During a search of Beñat's belongings, Ane's chain is discovered and returned to her. Realizing the truth, Ane resolves to hitchhike to the site of his crash to bring flowers, which she does weekly for the next three years. The deliveries intrigue Tere, who initially assumes it was Lourdes who sent them until she denies it. Lourdes is also intrigued after learning that no other accidents occurred on the crash site apart from Beñat's. Tere leaves a note on a wilted bouquet at the crash site that Ane replaces and gives out her contact details. Ane meets with her and both take a liking to each other. Lourdes, who is still embittered by Beñat's death and suspecting an extramarital affair, tracks down Ane under the guise of taking her for a lift to the crash site. After confirming that Ane is the one sending flowers to Beñat and learning about her story, she confronts Ane in her car before accidentally running over a sheep. As Lourdes goes out to inspect, Ane escapes.

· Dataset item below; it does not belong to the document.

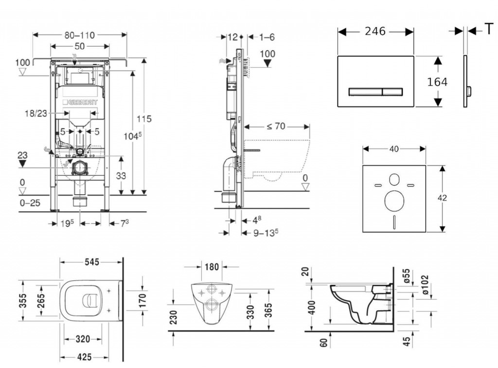 - Rám pro závěsná WC s připojovacími rozměry dle EN 33 a vyložením až 70 cm
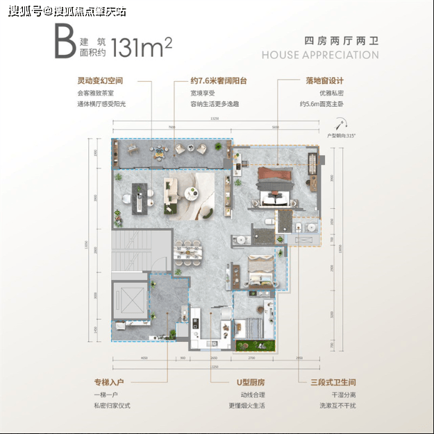 B 户型:约 131 平方米四房两厅两卫,分布在 6 号和 11 号楼内。该户型空间布局合理,四房的设计满足了家庭不同阶段的需求,无论是二孩家庭还是三代同堂,都能在这里找到舒适的居住空间。

Two more years pass and the lease on Beñat's body expires. Lourdes is summoned to reclaim Beñat's ashes. Unsure of what to do, Lourdes tries to send them to Tere, only to find that she is suffering from dementia and can no longer remember her son. She then tries to send them to Ane, who tells her that she has moved on from Beñat's death and stopped sending flowers at the crash site, and explains that her infatuation was part of her coping mechanism during that time before asking Lourdes why she wants to get rid of the ashes. Lourdes finally decides to wrap Beñat's urn under a bouquet and leave it at the crash site.

==Cast==
- Nagore Aranburu as Ane
- Itziar Ituño as Lourdes
- Itziar Aizpuru as Tere
- Josean Bengoetxea as Beñat
- Egoitz Lasa as Ander
- Ane Gabarain as Jaione
- José Ramón Soroiz as Txema
- Jox Berasategi as Jexus

==Reception==
===Critical reception===
Loreak was met with positive reviews by critics. Loreak has an approval rating of 77% on review aggregator website Rotten Tomatoes, based on 26 reviews, and an average rating of 7.1/10. The website's critical consensus states: "Directors Jon Garaño and Jose Mari Goenaga have crafted an intimate and beautifully filmed drama about loss and healing, though it occasionally suffers from a slow pace". Metacritic assigned the film a weighted average score of 63 out of 100, based on 13 critics, indicating "generally favorable reviews".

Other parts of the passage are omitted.